SIX – part one

Each day on the parched moor, men continued to bend and straighten in regular rhythm. Spades reflected sunlight. Green sprigs advanced along the dreels. The bundles of Sitka and pine in red flagged trenches steadily diminished in number. The gangers black notebook recorded progress and hatched areas, accurately dated, spread over the Commission map.

Morning, when squads were fresh, was the optimum planting time when more than two thirds of a days output was achieved. Around noon, but in their own time, each would take his lunch break alone, unless an intimate happened to be planting nearby in which event both would dine together.

Circumstances found two such basking in the sun while exercising their jaws on thick cut corned beef sandwiches washed down by thermos flask soup. Stretched out on the ground, they made an intriguing contrast: one slim, of fair complexion and medium height; the other iron-pumpingly deep chested, swarthy, tall.
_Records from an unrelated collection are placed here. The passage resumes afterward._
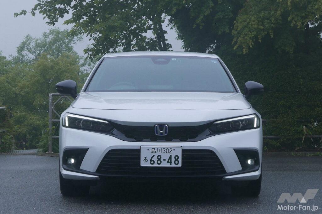 新たにシビックのラインアップに加わったe:HEVが爽快に仕上がっているのは、ガソリンエンジン仕様と共通している。より上質な味わいだ。事前に受けた技術説明から、エンジンの主張がもっと強いのかと予想していたが、実際はエンジンが主張しすぎず、静粛性の高さが際立つ。発電用と走行用の2つのモーターを持つホンダのe:HEVは、モーターで走るのが基本だ。加速時や登坂時など、大きなパワーが必要なときはエンジンを始動し、発電用モーターで発電した電力で走行用モーターを駆動する。
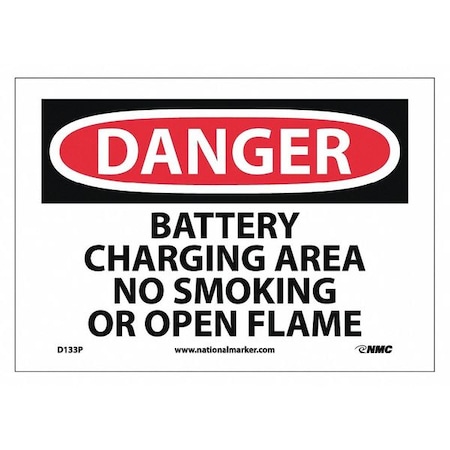 NMC D133P DANGER - BATTERY CHARGING AREA NO SMOKING OR OPEN FLAMES Sign - 10 in. x 7 in., Red/Black Text on White, PS Vinyl Danger Sign
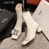 Новые осенне-зимние женские короткие ботинки кристально-белые черные на молнии для вечеринок и работы, ботильоны, теплая обувь, женские ботинки
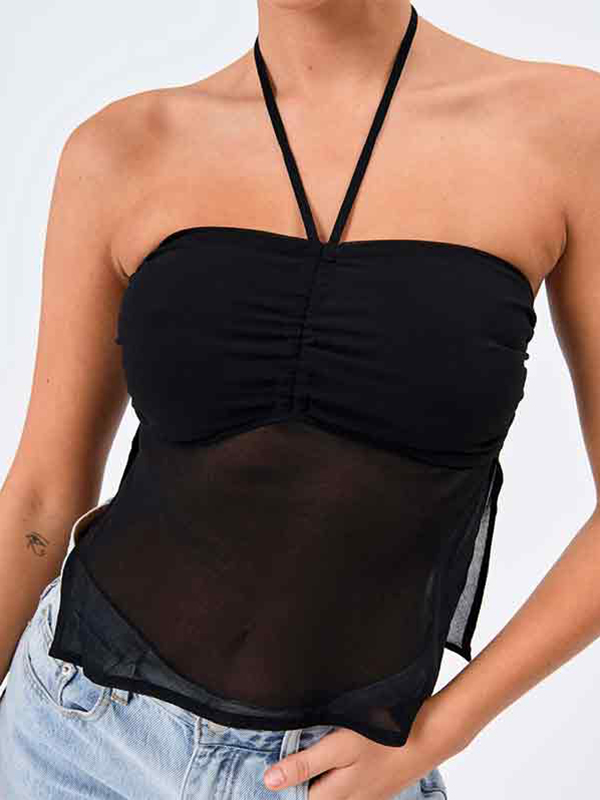 Neckholder-Weste mit Netzschlitz und Plissee-Design
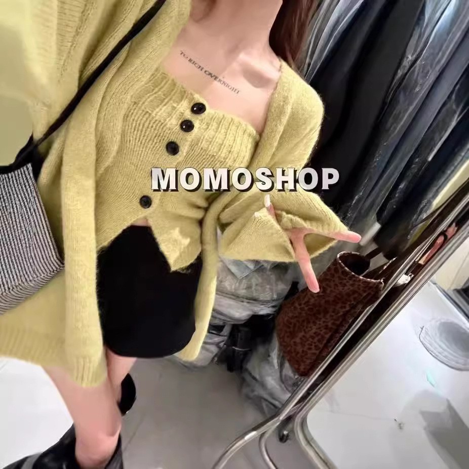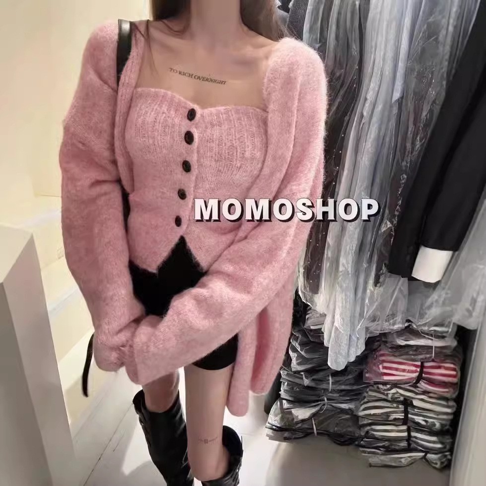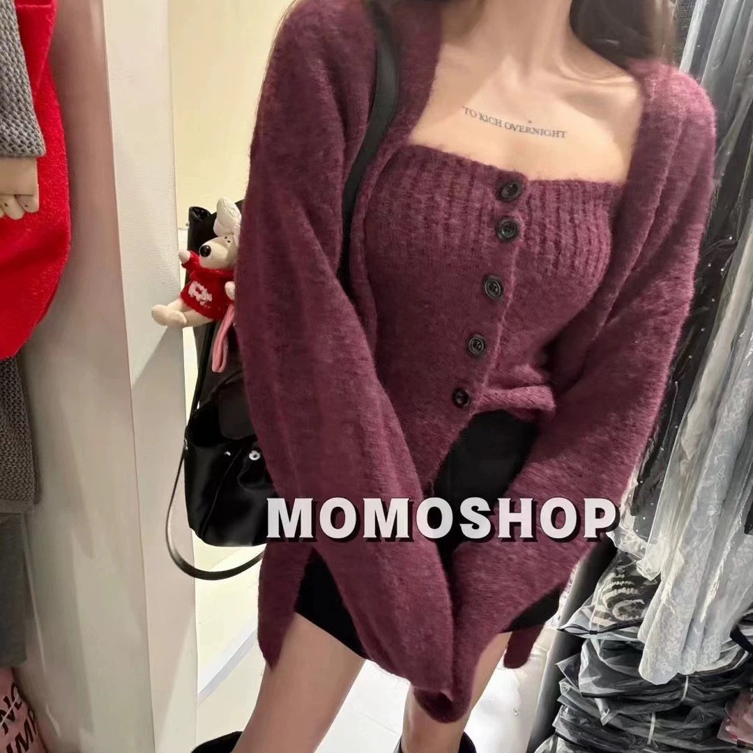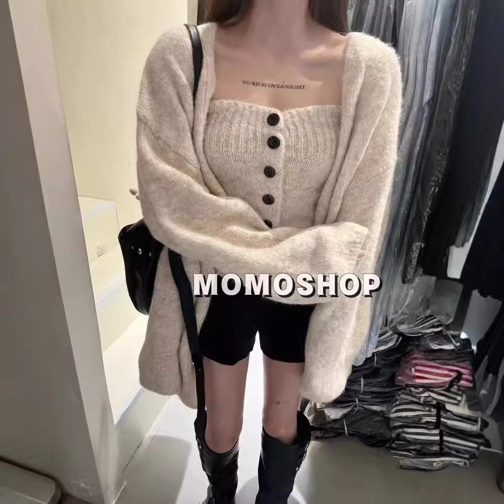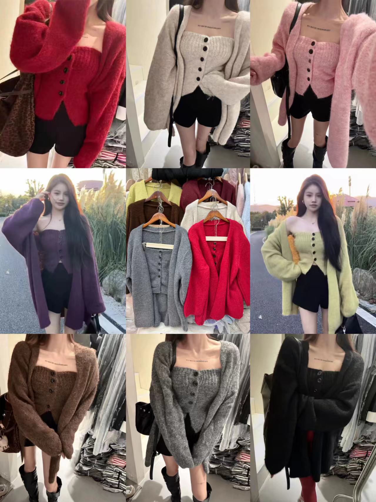 2024 가을, 겨울 새로운 튜브 탑 버튼 바닥 셔츠 스웨터 여성 자켓 투피스 세트 게으른 스타일 스웨터 탑스토어 가기
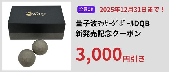 新発売を記念して量子波マッサージボールDQBのご注文で、3,000円OFFになるクーポンです。
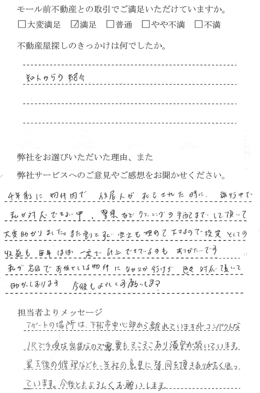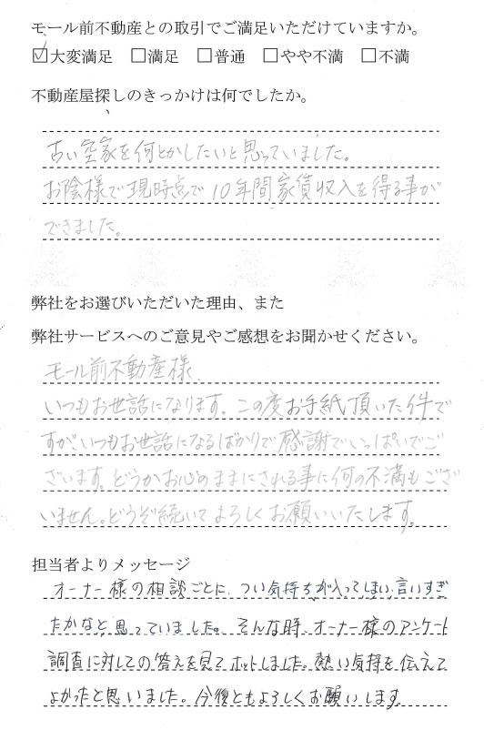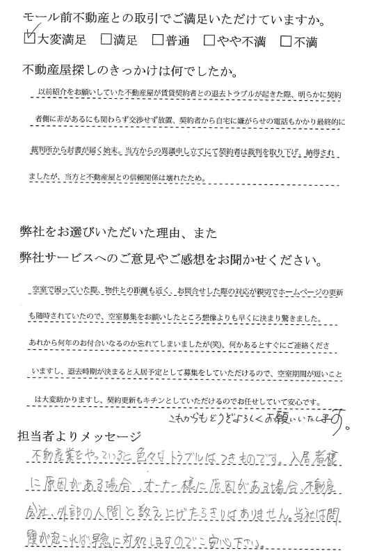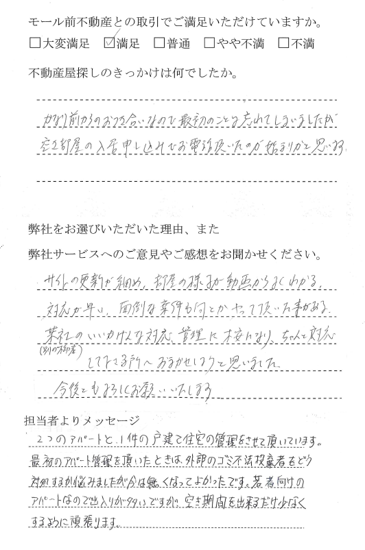 入居後の管理が丁寧で、満足しています。 |
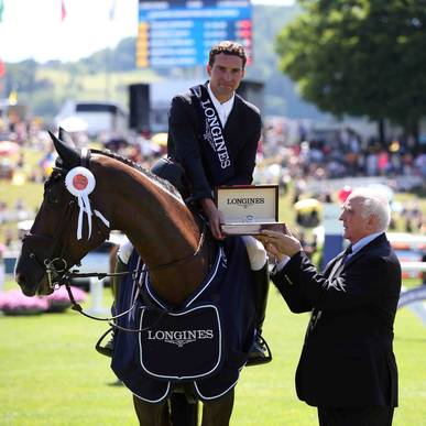 Nach einem spannenden Wettkampf gewann der Schweizer Romain Duguet den Longines Grand Prix in St. Gallen mit seiner Stute Quorida de Treho. Zusätzlich wurde er mit der „Longines Trophy“ als bester Reiter des Turniers ausgezeichnet und von Walter von Känel, Präsident von Longines, mit einer edlen Uhr der Marke geehrt.
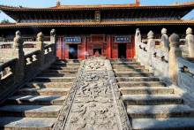 峻極殿前筑有3米高的月臺,周圍有石雕欄桿,月臺正面有三道石階。中間的臺階分二路,二路間鑲有垂帶式“御路”一石,上面浮雕著精美的圖案,上截為“獨(dú)龍盤踞”,中間為“雙龍戲珠”,下邊為“群鶴鬧蓮”等紋飾。月臺下面為拜臺,左右為兩座秀麗的御碑亭,兩亭均為重檐八角,東為“御捍亭”,內(nèi)立清乾隆十五年(1750年)的御碑,西為“御帛亭”,內(nèi)立清乾隆四十八年(1783年)的御碑,其字乃草書。
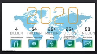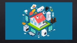 O documento discute conceitos de Internet das Coisas (IoT), incluindo exemplos de aplicações como medicina, indústria e educação. Também lista tecnologias comuns em IoT como sensores, plataformas como Intel Edison e ferramentas como o Slack API.
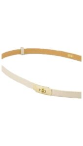 Geef je look een edgy twist met deze ecru schakelriem. Het design combineert stoere, oversized schakels met een subtiele, neutrale tint – perfect voor een sophisticated en fashion-forward uitstraling. Draag hem om je taille voor een gedefinieerd silhouet of nonchalant over een blazer voor die effortless cool factor. De riem kan je verstellen in alle maten.
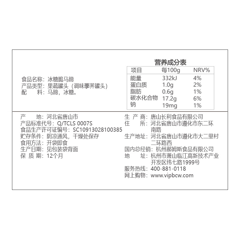 Baicao flavor-rock sugar crispy horseshoe 108g healthy fruits and vegetables ready-to-eat vegetable snacks
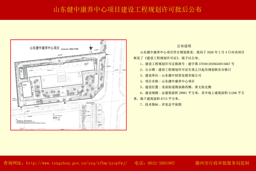 山东健中康养中心项目建设工程规划许可批后公布
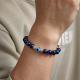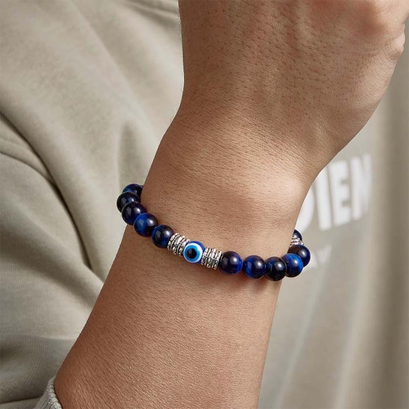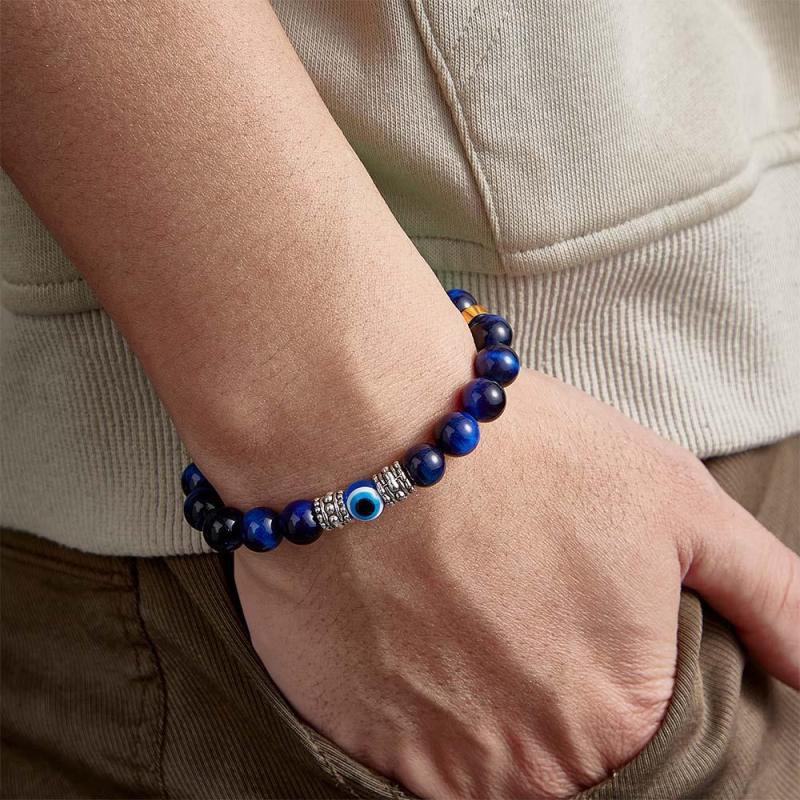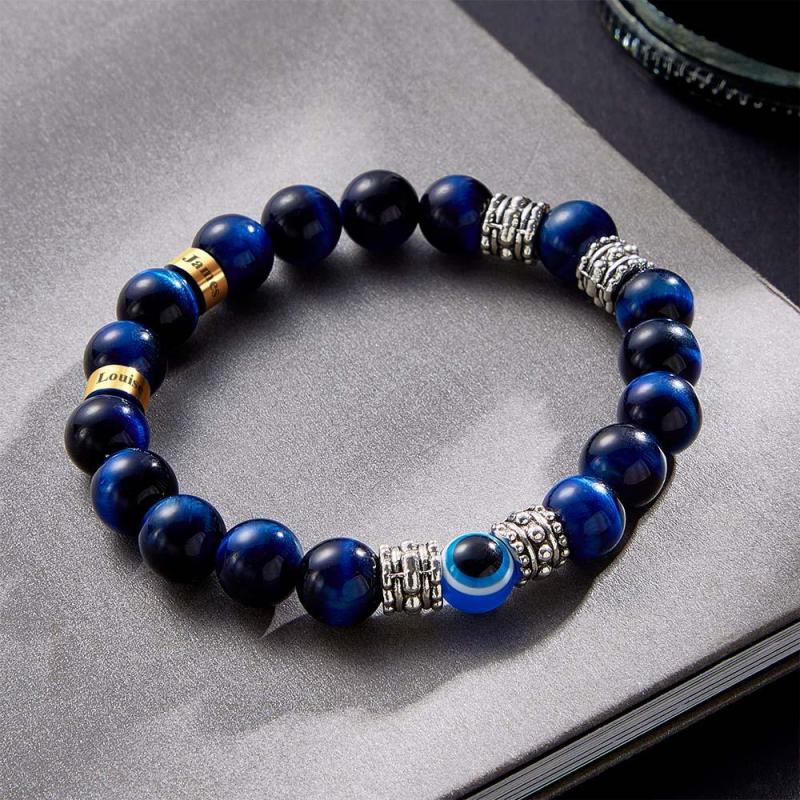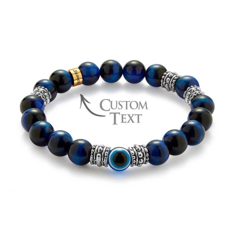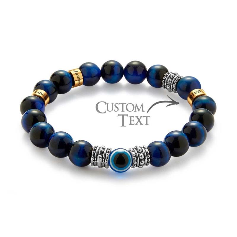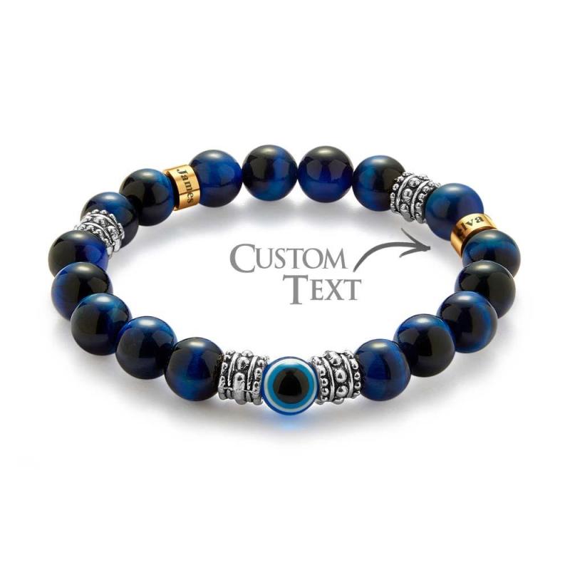 Custom Engraved Men's Beaded Bracelet Evil Eye Blue Tiger Eye Amulet Bracelet
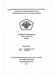 Fellianto, Sandy (2016) Pengaruh [ndependensi, Kompetensi, Due Professional Care, Akuntabilitas, Prof esionalisme Auditor Terhadap Kualitas Audit (Studi Empiris Pada KAP Big Four di Jakarta Tahun 2016). Masters thesis, UNIVERSITAS TARUMANAGARA.
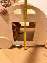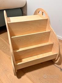 Fatta a mano, in legno. Altezza totale circa 48 cm. Lunghezza circa 70 cm. Davanti ci sono i ripiani per tenere i libri e posteriormente una seduta con tavolino. Buonissime condizioni.

Day and night, Noel and Alex were.

The two had resigned themselves to remaining with the squad until late summer. Six weeks of the Torlundy saw course would ensure that come autumn they would be in the wood, paired with an old hand, often one of the gangers, in order to gain quick experience by felling deadfall that had hung up dangerously on adjacent trees. It was likely they would then be teamed with each other as a productive unit.

Each had arrived the previous year during the same week in September and had been assigned the newcomers bothy, as was customary. Billeted together, they had cursed lack of amenities, discomforts, backaches, and the parsimony of the Commission. But they stayed on through the winter, resolving to apply for the saw course and become fellers of trees, creators of lumber, forever abandoning the rat race in which Alex claimed to have featured as an accountant and Noel had been commissioned a gentleman by royal warrant of Her Majesty, licenced to kill by appointees of greater seniority.

A tour in Afghanistan had persuaded the latter to immediately cease his contributions to American foreign policy (as a British officer), while the former, an amateur athlete (rugby, cricket and shot putt) asserted he had become revolted by the hypocrisies of a commercial world focused upon tax evasion and profiteering, hypocrisies that were now underscored by sounds of Noels night terrors, imported from Afghanistan. These were audible in Alex bedroom across the landing.